No wonder President Vladimir Putin chose to focus on domestic issues, not foreign policy matters, in his May 10 State of the State speech. He called for a ten-year plan to reverse Russia's dwindling population by offering economic incentives to encourage women to have more children (NYT). Unless something is done, demographers predict Russia's population could fall from its current 143 million to below 100 million by 2050. Within that shift could be major ethnic, social, and religious changes as well: Analyst Paul Goble estimates that Muslims may be Russia's majority by 2025 (VOA). With violent xenophobia and racism also on the rise, Russian society could become more volatile (Economist).
Yet Putin did not completely neglect foreign affairs in his speech, which included reference to threats from abroad, including, of course, the United States. In his address, he likens Washington to a wolf that eats whatever it wants without listening to others (Guardian). Putin's comments came shortly after sharp criticisms by U.S. Vice President Dick Cheney, in which he accused Russia of blackmailing its former satellites like Ukraine and Georgia by manipulating gas prices and of rolling back human rights and press freedoms.
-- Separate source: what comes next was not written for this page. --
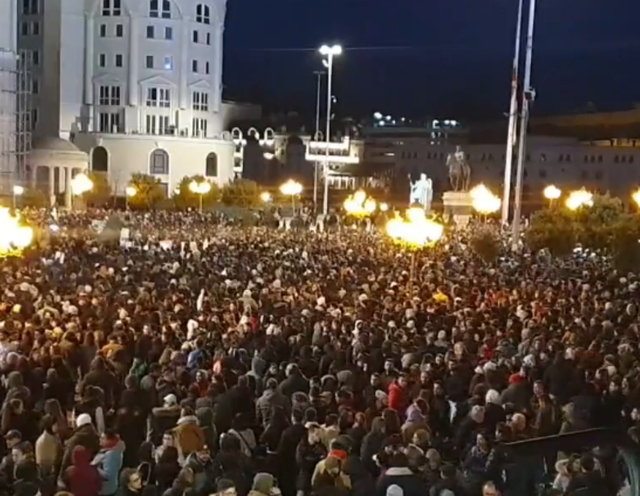 Shkup, 18 Mars 2025 – Në sheshin "Maqedonia" në qendër të Shkupit po zhvillohet një tubim qytetar në kujtim të viktimave të tragjedisë së rëndë që ndodhi në Koçan. Qindra qytetarë janë mbledhur për të shprehur solidaritetin me familjet e të prekurve dhe për të kërkuar përgjegjësi nga autoritetet për ngjarjen që ka tronditur mbarë vendin.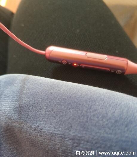 萬魔運動耳機所有的控制鍵都在這里,開關機、音量加大減小和充電口,東西很集中。未連接的時候是紅藍指示燈交替,連接藍牙是藍燈,充電時候是紅燈,這些都是比較好認的,連接藍牙的速度很快,所以也不用太在意,需要注意的是做了防水處理,所以不用擔心汗水和雨水的影響。

Putin also addressed Russia's security inferiority complex, heightened in the wake of a much-discussed Foreign Affairs piece confirming Russians' worst fears: that Washington, given its growing nuclear primacy, has rendered near obsolete the principles of mutually assured destruction, which formed the backbone of nuclear deterrence throughout the Cold War. To help fill in this military gap, Putin has called for spending much of Russia's windfall of oil profits on military hardware like submarines and strategic missiles.
U.S.-Russian relations have been on a steady downtick for some years now, particularly in the wake of the so-called Yukos affair of 2003, Ukraine's 2004 Orange Revolution, and Russia's bullying of Kiev earlier this year over gas prices, which sent ripples through Europe's energy markets. But the latest chill, what some analysts are calling a "mini-Cold War," comes at an especially awkward time for Putin. He is set to host the G-8 summit this July, which NPR's Daniel Schorr predicts will be a tense affair. A recent CFR Task Force Report says America's relationship with Moscow is headed in the wrong direction and even suggests staging a separate G-7 conference that conspicuously leaves out Russia. Some have called for a boycott of the summit. Sarah Mendelson of CSIS, however, says instead of a boycott the West should use the G-8 forum to address Russia's human rights crisis on its home turf (WashPost). Others say Russia should not be ostracized at a time when Moscow's support is needed to defuse the crisis with Iran.
The recent flurry of criticism has left Russia in a difficult spot. In response, the Kremlin has launched a PR campaign to burnish its image abroad (Weekly Standard). Moscow has also grown more defensive and increasingly accuses the United States of employing double standards, Andrew Kuchins of the Carnegie Endowment tells cfr.org's Bernard Gwertzman, pointing to Washington's embrace of autocrats in Azerbaijan and Kazakhstan.